The best slow cooker pot roast made with tender chuck roast, carrots, potatoes, and a savory broth with red wine. Easy, comforting, and full of flavor.
Prepare the roast: Pat chuck roast dry and season generously with salt and pepper. Cut into 2–3 pieces if needed.
Sear the beef by heating ghee in a skillet or your slow cooker (if it has sauté mode). Sear the roast on all sides until browned, about 3–4 minutes per side. Transfer to a plate.
Then add onions and celery to the pot with a pinch of salt and pepper. Sauté for 5–8 minutes until softened. Stir in garlic, tomato paste, thyme, onion powder, and flour. Cook for 1 minute until fragrant.

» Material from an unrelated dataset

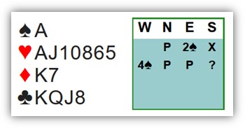 Het bod van 2 schoppen door de tegenpartij was Muiderberg. Je eerste doublet is gemakkelijk, maar nu komt er 4 schoppen voorbij. Je hebt opties… doublet, 5 harten of iets anders?

Deglaze the pot by pouring in the beef broth and wine. Use a wooden spoon to scrape up all the browned bits from the bottom of the pot. This liquid, along with the onions and garlic, creates the sauce mixture.
Transfer the seared beef to the slow cooker. Pour the sauce mixture from the pot directly over the beef, making sure the onions and liquid are evenly distributed. Cook on low for 10 hours.
Remove bay leaves. Transfer beef and vegetables to a platter. Spoon the sauce over the top. Garnish with parsley and serve with bread or rolls.